(What is needed): Please give the lines below again exactly as they stand, from the one that contains "This corner sofa" up to and including the one that contains "Questo appartamento con", leaving all pictures out.

(Provided records):
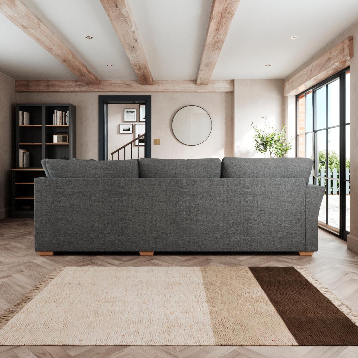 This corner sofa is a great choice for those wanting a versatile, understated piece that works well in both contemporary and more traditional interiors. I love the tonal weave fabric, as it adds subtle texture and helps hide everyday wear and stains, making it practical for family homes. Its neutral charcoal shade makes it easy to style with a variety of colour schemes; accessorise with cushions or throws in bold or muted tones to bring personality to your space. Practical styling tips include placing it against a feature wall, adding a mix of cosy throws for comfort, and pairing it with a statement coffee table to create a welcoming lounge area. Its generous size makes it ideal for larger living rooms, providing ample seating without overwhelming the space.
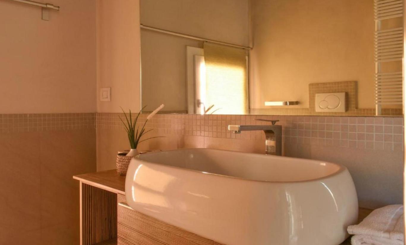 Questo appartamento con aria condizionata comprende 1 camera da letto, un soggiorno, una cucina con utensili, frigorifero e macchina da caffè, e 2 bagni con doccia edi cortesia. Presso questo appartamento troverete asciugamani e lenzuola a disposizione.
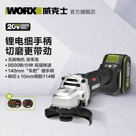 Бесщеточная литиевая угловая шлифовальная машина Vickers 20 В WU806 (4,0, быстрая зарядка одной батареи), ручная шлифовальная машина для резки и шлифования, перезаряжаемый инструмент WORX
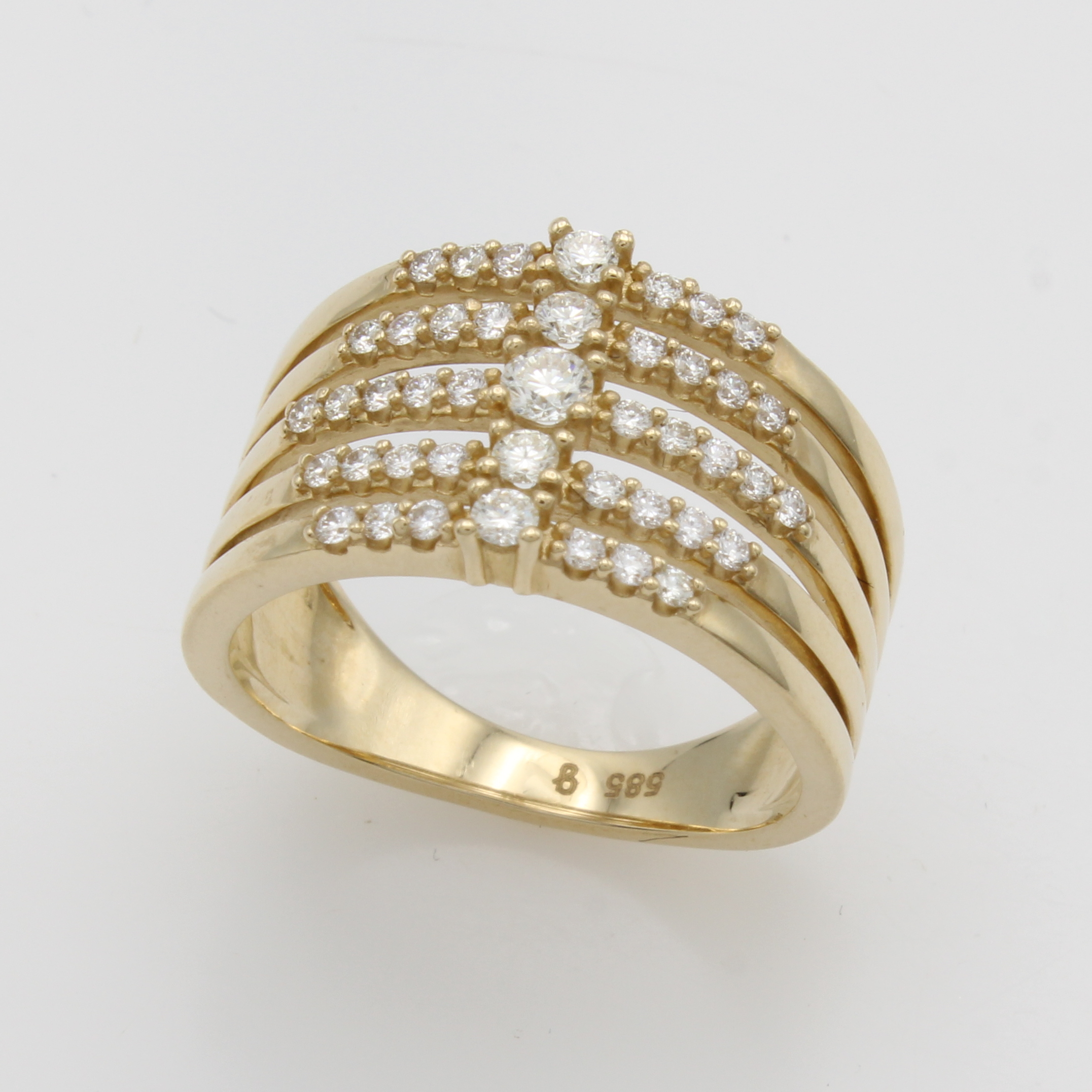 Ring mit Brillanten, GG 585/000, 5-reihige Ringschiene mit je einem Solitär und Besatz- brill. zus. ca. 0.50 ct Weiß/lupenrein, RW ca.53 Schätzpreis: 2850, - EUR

==

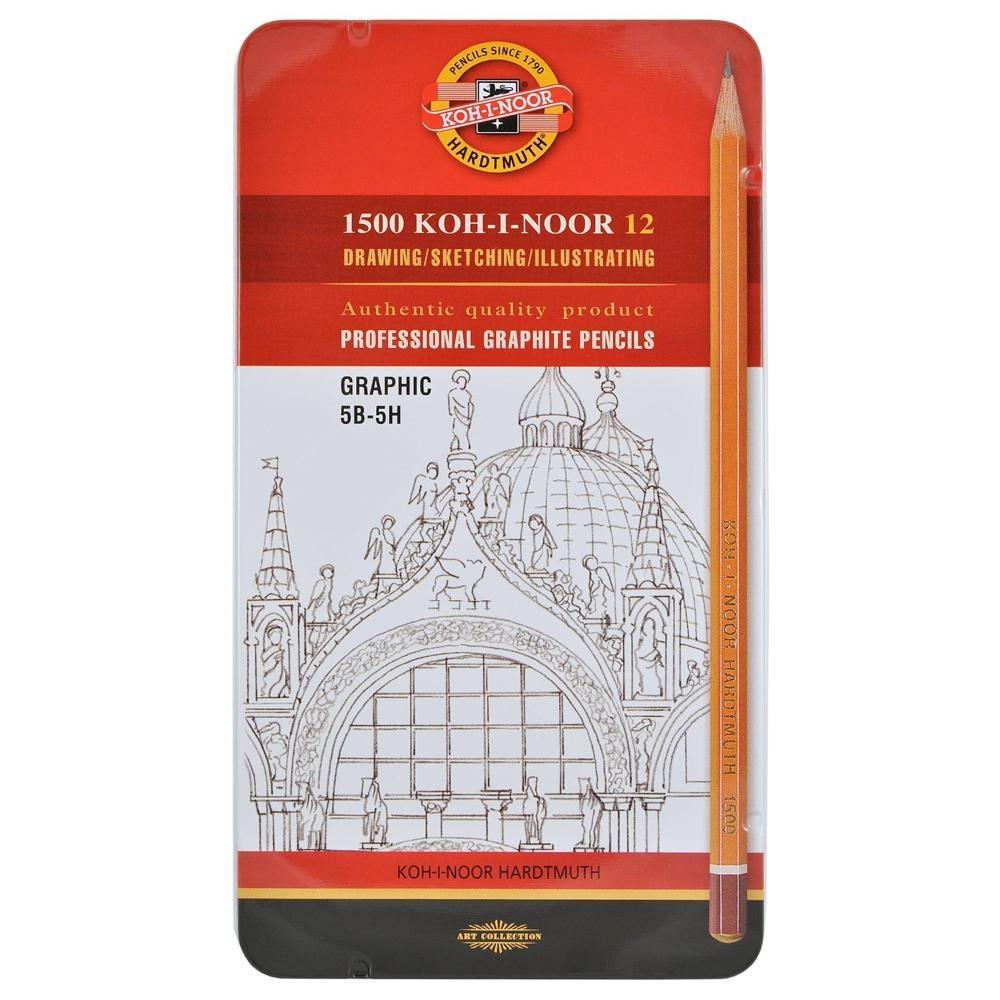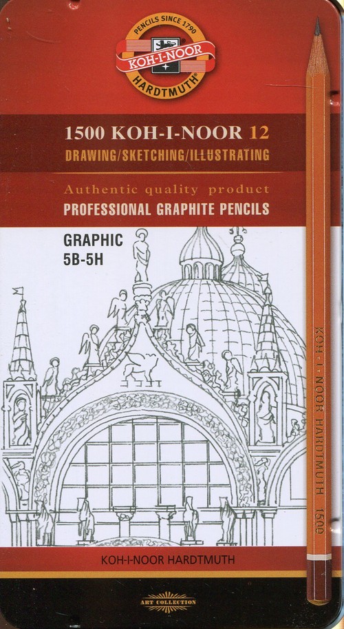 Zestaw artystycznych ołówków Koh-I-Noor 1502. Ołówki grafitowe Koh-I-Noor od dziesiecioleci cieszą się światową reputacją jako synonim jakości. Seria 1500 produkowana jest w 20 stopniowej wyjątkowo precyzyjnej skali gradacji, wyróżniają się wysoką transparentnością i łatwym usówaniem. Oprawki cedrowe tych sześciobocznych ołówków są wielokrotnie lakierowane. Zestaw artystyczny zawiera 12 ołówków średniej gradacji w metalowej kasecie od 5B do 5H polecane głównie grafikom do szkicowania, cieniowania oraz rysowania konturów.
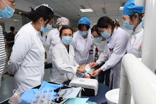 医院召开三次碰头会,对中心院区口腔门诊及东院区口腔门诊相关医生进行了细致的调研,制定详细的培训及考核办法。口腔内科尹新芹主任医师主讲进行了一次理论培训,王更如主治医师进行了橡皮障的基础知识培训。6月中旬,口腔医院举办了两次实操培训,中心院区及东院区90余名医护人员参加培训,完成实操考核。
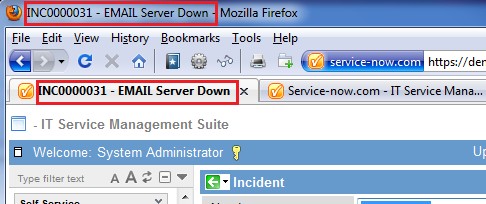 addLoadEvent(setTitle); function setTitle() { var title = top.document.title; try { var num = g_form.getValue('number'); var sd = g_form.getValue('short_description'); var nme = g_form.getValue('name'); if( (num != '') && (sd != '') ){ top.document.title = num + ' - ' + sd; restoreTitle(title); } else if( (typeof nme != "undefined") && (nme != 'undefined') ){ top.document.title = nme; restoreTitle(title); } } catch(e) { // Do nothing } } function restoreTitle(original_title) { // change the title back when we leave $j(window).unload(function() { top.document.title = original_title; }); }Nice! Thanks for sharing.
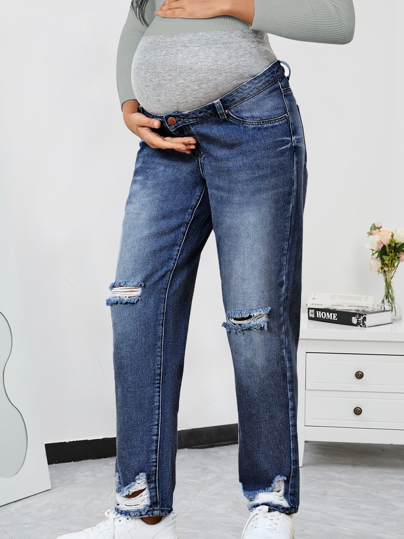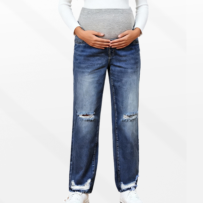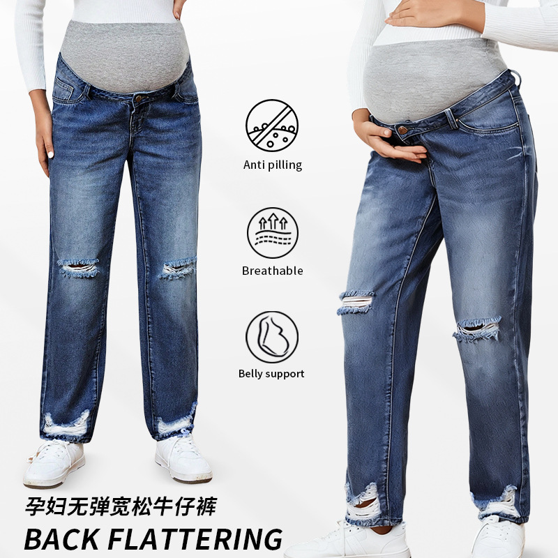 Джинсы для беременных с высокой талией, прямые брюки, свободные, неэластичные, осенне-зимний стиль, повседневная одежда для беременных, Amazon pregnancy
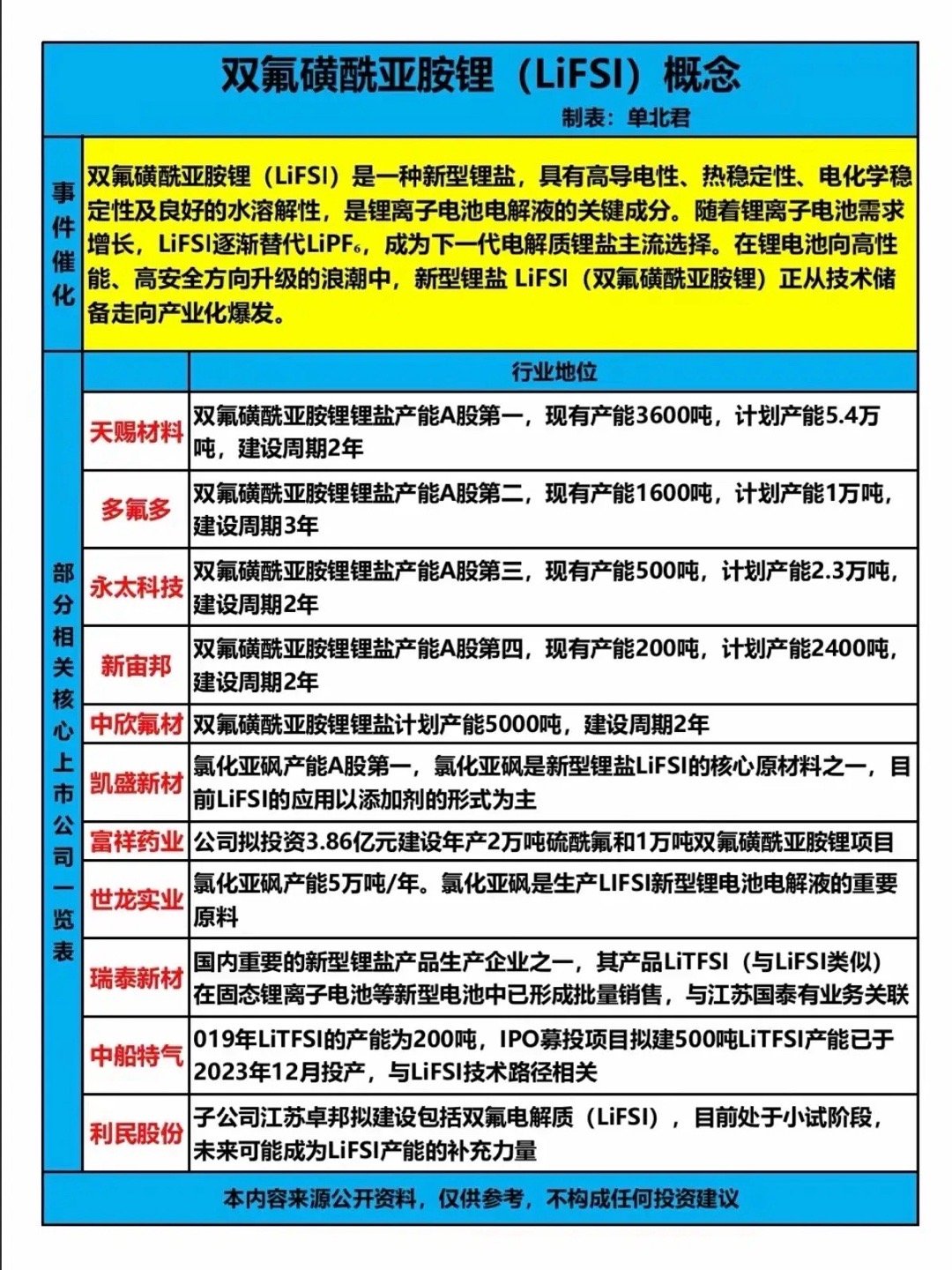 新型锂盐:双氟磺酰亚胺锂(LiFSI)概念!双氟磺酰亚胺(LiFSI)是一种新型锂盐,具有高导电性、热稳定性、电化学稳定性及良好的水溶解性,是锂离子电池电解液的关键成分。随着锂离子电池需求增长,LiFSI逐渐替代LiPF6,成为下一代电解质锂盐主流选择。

(Answer for the task):
 This corner sofa is a great choice for those wanting a versatile, understated piece that works well in both contemporary and more traditional interiors. I love the tonal weave fabric, as it adds subtle texture and helps hide everyday wear and stains, making it practical for family homes. Its neutral charcoal shade makes it easy to style with a variety of colour schemes; accessorise with cushions or throws in bold or muted tones to bring personality to your space. Practical styling tips include placing it against a feature wall, adding a mix of cosy throws for comfort, and pairing it with a statement coffee table to create a welcoming lounge area. Its generous size makes it ideal for larger living rooms, providing ample seating without overwhelming the space.
 Questo appartamento con aria condizionata comprende 1 camera da letto, un soggiorno, una cucina con utensili, frigorifero e macchina da caffè, e 2 bagni con doccia edi cortesia. Presso questo appartamento troverete asciugamani e lenzuola a disposizione.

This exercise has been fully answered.